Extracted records
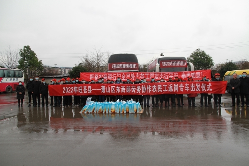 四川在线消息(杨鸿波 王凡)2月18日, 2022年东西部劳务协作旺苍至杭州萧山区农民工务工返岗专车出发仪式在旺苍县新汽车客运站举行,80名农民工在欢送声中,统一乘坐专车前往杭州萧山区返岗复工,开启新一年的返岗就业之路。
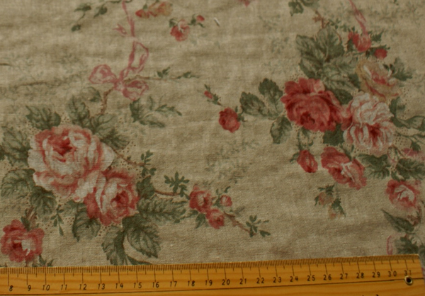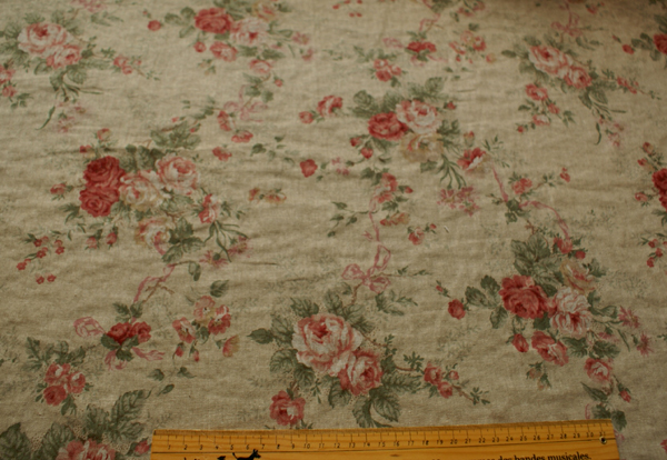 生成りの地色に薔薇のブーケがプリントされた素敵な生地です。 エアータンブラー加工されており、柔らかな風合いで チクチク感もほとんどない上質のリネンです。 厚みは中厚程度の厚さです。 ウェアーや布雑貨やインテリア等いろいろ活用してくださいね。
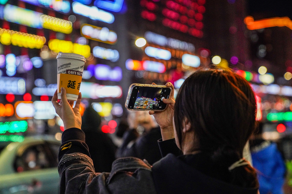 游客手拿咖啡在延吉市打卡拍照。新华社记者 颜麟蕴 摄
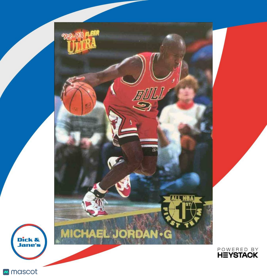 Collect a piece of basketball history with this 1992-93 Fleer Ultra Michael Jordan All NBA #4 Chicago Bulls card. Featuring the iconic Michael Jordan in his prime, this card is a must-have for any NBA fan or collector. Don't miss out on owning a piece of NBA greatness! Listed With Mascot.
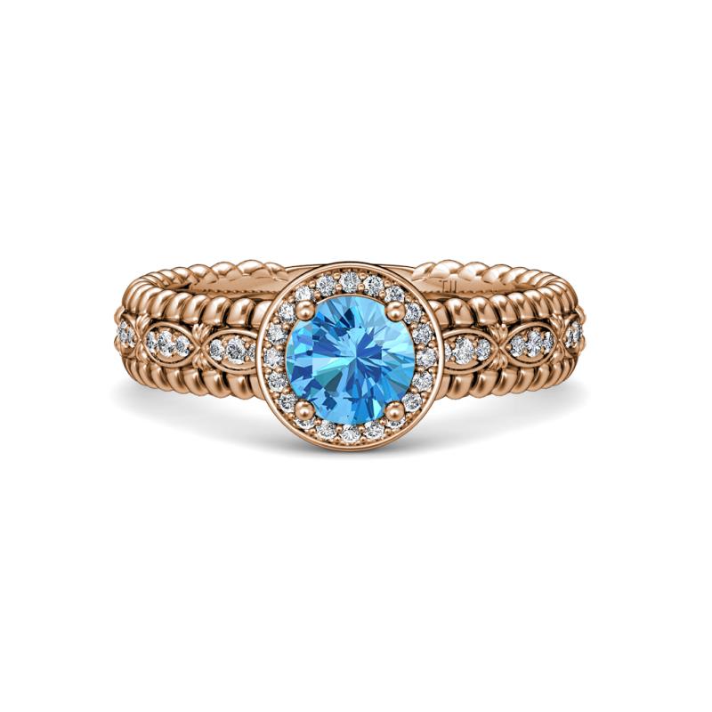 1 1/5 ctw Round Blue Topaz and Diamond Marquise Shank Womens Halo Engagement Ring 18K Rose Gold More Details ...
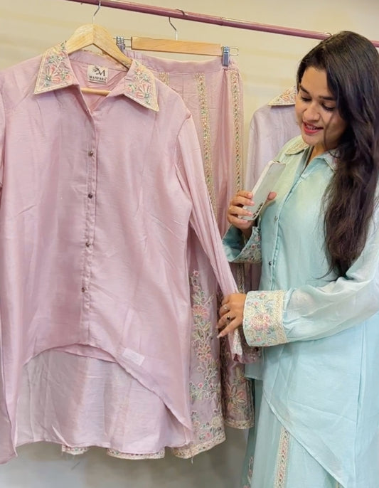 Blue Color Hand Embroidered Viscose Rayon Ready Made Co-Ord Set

* _EXERCISE BRIEF_
Please give a word-for-word transcript of the lines from the one holding "游客手拿咖啡在延吉市打卡拍照。新华社记者 颜麟蕴 摄" through the final line of the entries, both ends kept, with no pictures.

* _RESULT OF THE EXERCISE_
 游客手拿咖啡在延吉市打卡拍照。新华社记者 颜麟蕴 摄
 Collect a piece of basketball history with this 1992-93 Fleer Ultra Michael Jordan All NBA #4 Chicago Bulls card. Featuring the iconic Michael Jordan in his prime, this card is a must-have for any NBA fan or collector. Don't miss out on owning a piece of NBA greatness! Listed With Mascot.
 1 1/5 ctw Round Blue Topaz and Diamond Marquise Shank Womens Halo Engagement Ring 18K Rose Gold More Details ...
 Blue Color Hand Embroidered Viscose Rayon Ready Made Co-Ord Set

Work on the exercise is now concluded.